Выбрать главу

61

Наконец шевеленье произошло, она его узнала не сразу, это был радостный день. Пришло спокойствие и вместе с ним странное чувство все усиливающегося нарушения. Она была нарушена, она была не она. Впервые появилось ожидание приближающейся опасности — нешуточной, грозной.

Маша не испугалась, она знала, что надо справиться с этим чувством, — и справилась. Ничего особенного, просто теперь ей приходилось носить еще и этот страх вместе с ощущением долгожданного счастья, тревоги. Тайком она написала маленькое прощальное письмо — кто знает, все может случиться!

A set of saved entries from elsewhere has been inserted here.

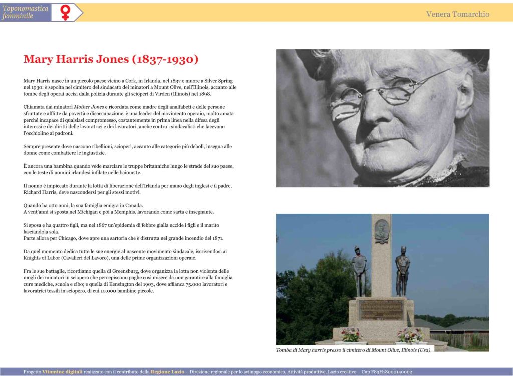 Ortoleva P. (a cura di), L’autobiografia di Mamma Jones. Vita di una agitatrice sindacale americana, Einaudi, Torino, 1977Gorn E., Mother Jones: The Most Dangerous Woman in America, Hill & Wang, New York, 2001
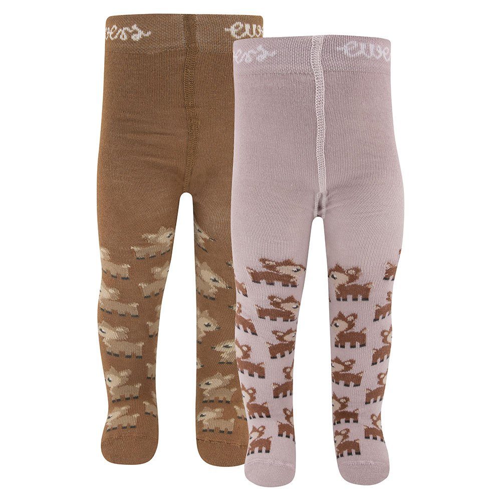 Praktisches Doppelpack Babystrumpfhose mit niedlichem Rehkitzmotiv allover und Rehkitzpomotiv
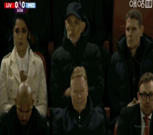 第34分鐘,鏡頭給到現(xiàn)場觀戰(zhàn)的圖赫爾和羅納德-科曼
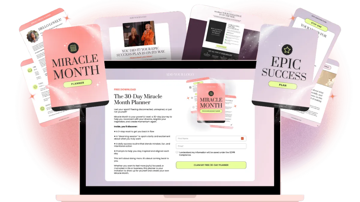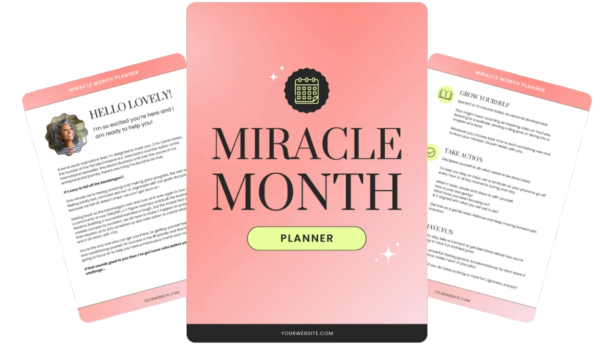 Get our Miracle Month freebie - it’s a powerful digital guide and workbook to help people get their mojo back and reconnect with their dreams. This is the exact freebie that brought us tens of thousands of subscribers! You get full rights to rebrand it as your own (or reshare it as it is) and watch your email list explode.
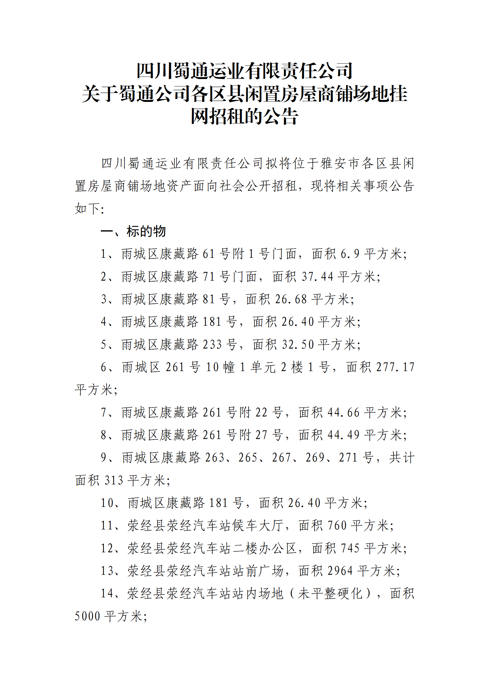 四川蜀通運(yùn)業(yè)有限責(zé)任公司關(guān)于蜀通公司各區(qū)縣閑置房屋商鋪場地掛網(wǎng)招租的公告
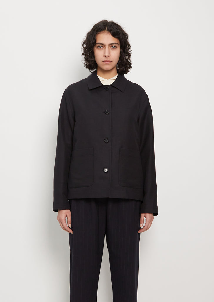 Margaret Howell ink slightly cropped over-shirt with a spread collar in linen wool blend. Detailed with hip patch pockets and a tonal button closure. Boxy fit.
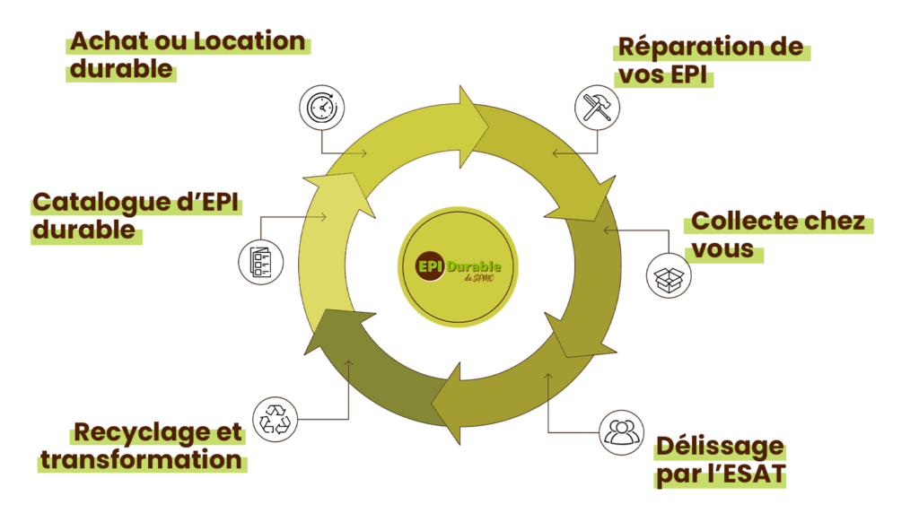 4- La collecte et le recyclage : Nous récupérons vos EPI usagés afin qu’ils ne finissent pas en déchetterie incinérés ou enfouis.
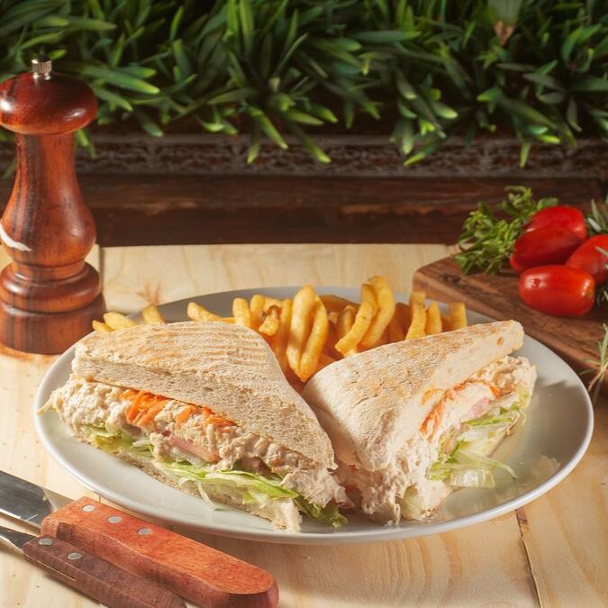Sanduiche de Frango desfiado, suculentas passas pretas, toque especial do molho rosé, milho verde crocante, cenoura ralada e azeite extra virgem se unem em um pão macio para uma explosão de sabores!
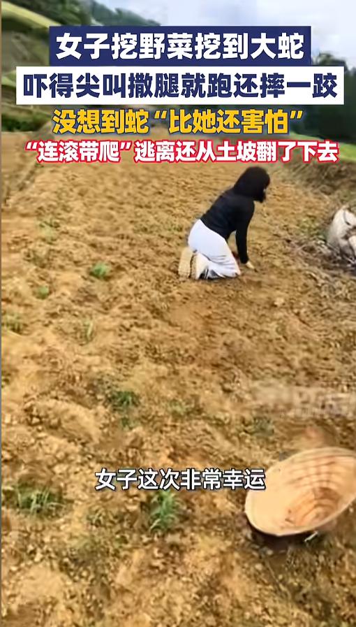 据媒体报道,事发那一天,女子一行人相约去挖野菜,几个人收获颇丰,一切安好。可突然间,她挖到了一个不速之客,一条大蛇,又粗又长的。女子当即就被吓坏了,尖叫着扭头就跑。
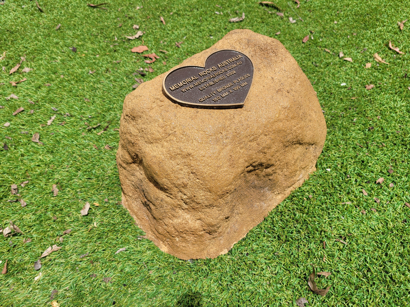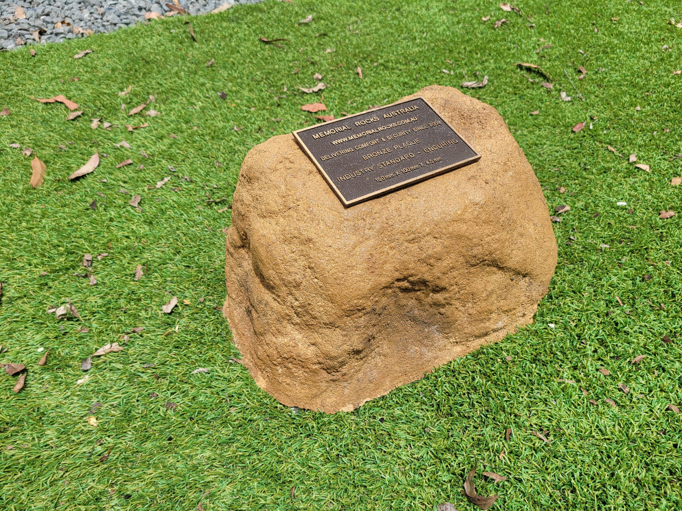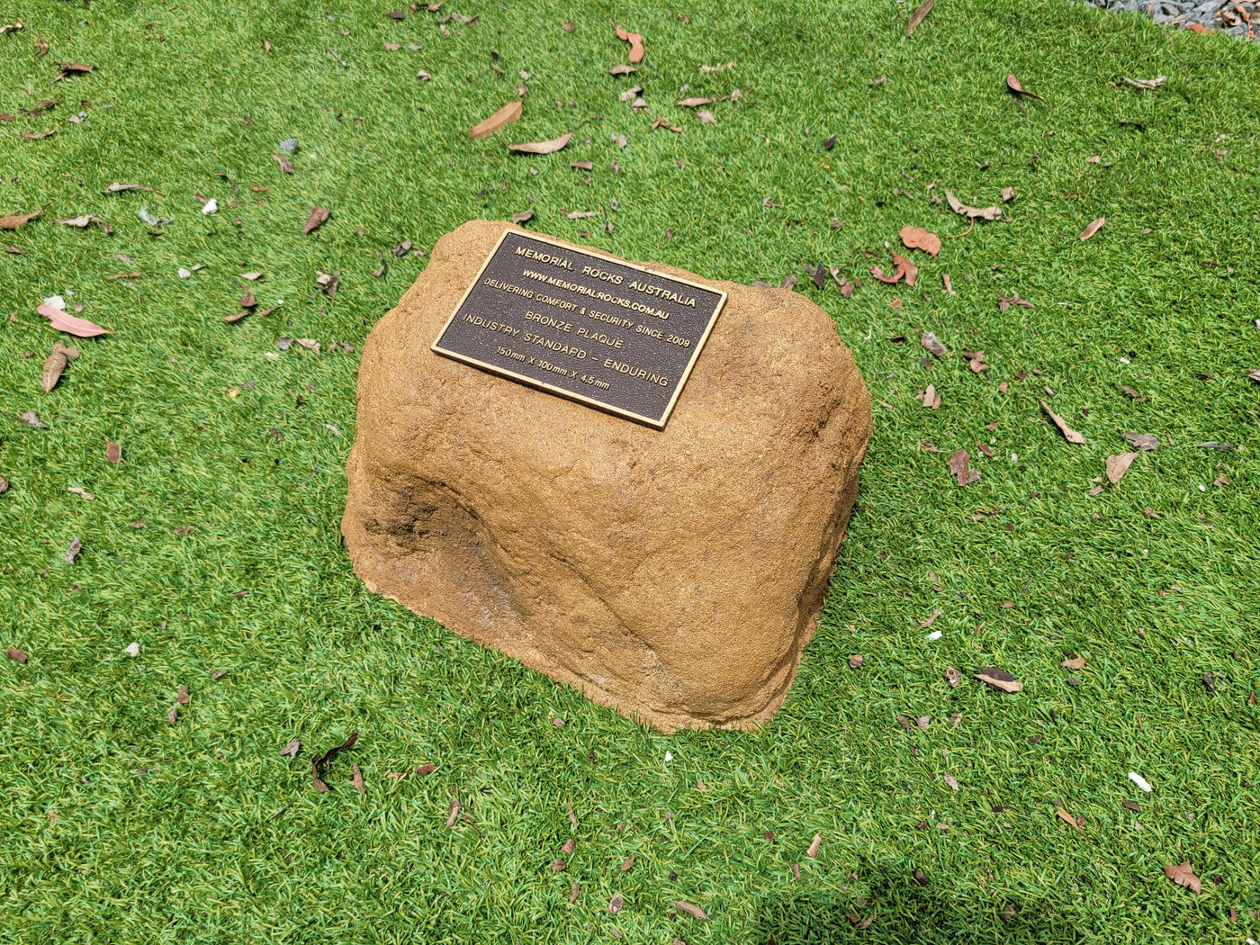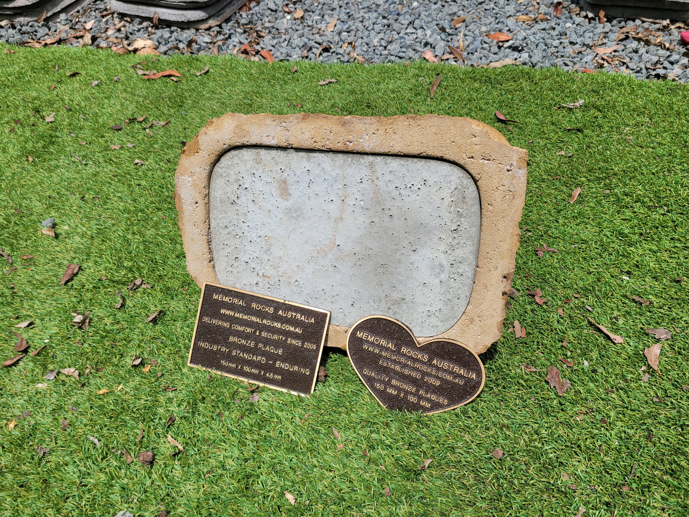 Memorial Rock Urns are a loving practical alternative for the safe keeping of a loved one's ashes. This Memorial rock has an incorporated flat indented recess space for a 150mm x 100mm x4.5mm industry standard bronze plaque. PLAQUE SOLD SEPARATELY Proudly an Australian made, original product. Operating since 2009. Regular size. Lightweight (a...

Никогда еще Петр Андреевич не был так внимателен к ней, так настоятельно заботлив и добр. Иногда ей казалось, что с появлением ребенка он ждет исполнения каких-то особенных тайных надежд. Появление ребенка связывалось в его сознании с освобождением от душевной усталости, от сложного сплетения неизвестности и риска — словом, от того, о чем он не хотел и не мог рассказать ей, а она, в свою очередь, не хотела и не могла заставить его сделать это.

По ночам, когда не спалось, она думала о странной одновременности своих двух душевных состояний. В ней была новая жизнь, ее тело было как бы удвоено, ее ни на минуту не оставляло счастье исполнившегося желания. Но впереди была неизвестность, опасность, тревога.

Она простудилась, врачи запретили антибиотики, которые могли повредить ребенку, и пришлось лечиться домашними средствами, а грипп был затяжной, тяжелый. Но она выкарабкалась. Когда на грудь клали горчичники, он (или она) начинал лупить ногами и ворочаться, как медвежонок. И начинался бесшумный диалог с неведомым явлением, которое «нарушало» ее, которое причиняло ей боль, которое она ждала радостно и нетерпеливо. «Ну, миленький, успокойся, — уговаривала она его. — Перестань барахтаться. Ты девочка или мальчик?»

62

«Москвич» останавливается у бывшего купеческого дома в Лоскутове. Хозяин открывает сам — он в пижаме, и они просят его одеться. Может быть, когда он надевает свою ослепительно белую рубашку, его руки немного дрожат. Впрочем, он спокоен. Но ярко-голубые глаза как бы подернуты дымкой. Короткий двухминутный разговор. Осколков зовет мать..

— Я уезжаю, мама, наверно, надолго. В кабинете на моём столе лежит папка, передай ее, пожалуйста, Врубову. И никому другому. Институтские дела, — поясняет он непрошеным гостям.

— Ясно, — отвечает первый, а второй как эхо повторяет: «ясно». — Впрочем, вы скоро вернетесь домой.

— Да?

— Часа через два-три.

Но он возвращается позже. В большом здании на Петровке он поднимается на четвертый этаж, холодно поблескивают панели, одна белая дверь повторяет другую, сияют ослепительной чистотой пол, потолок и стены, коридор кажется бесконечным.

В самом обыкновенном маленьком кабинете начинается подробный разговор — без сомнения, он записывается, потому что, подводя итоги, Осколкова просят подписать протокол. Его настойчиво просят припомнить тот вечер или другой, того человека или другого. Вероятно, его снимают — и едва ли фотографии удаются, он удивительно непохож на себя. Оказывается, он способен похудеть в течение получаса. Оказывается, полная достоинства осанка, которую он носил, как носят изящно сшитое пальто, может слететь, как слетают под ветром осенние листья.

Когда он жалуется на забывчивость, ему напоминают. Когда он отказывается признать свою подпись на документах, расписках, ему предъявляют неопровержимые данные экспертизы. Ему предлагают чай, бутерброды. Он отказывается.

— Еще рано, в это время я никогда не ем.

Но проходит еще два часа, и он пьет холодный чай и ест бутерброды. Платком он вытирает пот на высоком выпуклом лбу. С двумя следователями он поднимается на восьмой или девятый этаж. В крошечном просмотровом зале ему показывают фильм. Зачем? Может быть, чтобы убедить его в полной осведомленности — из немалого числа серьезных обвинений он в некоторых решительно отказывается сознаться.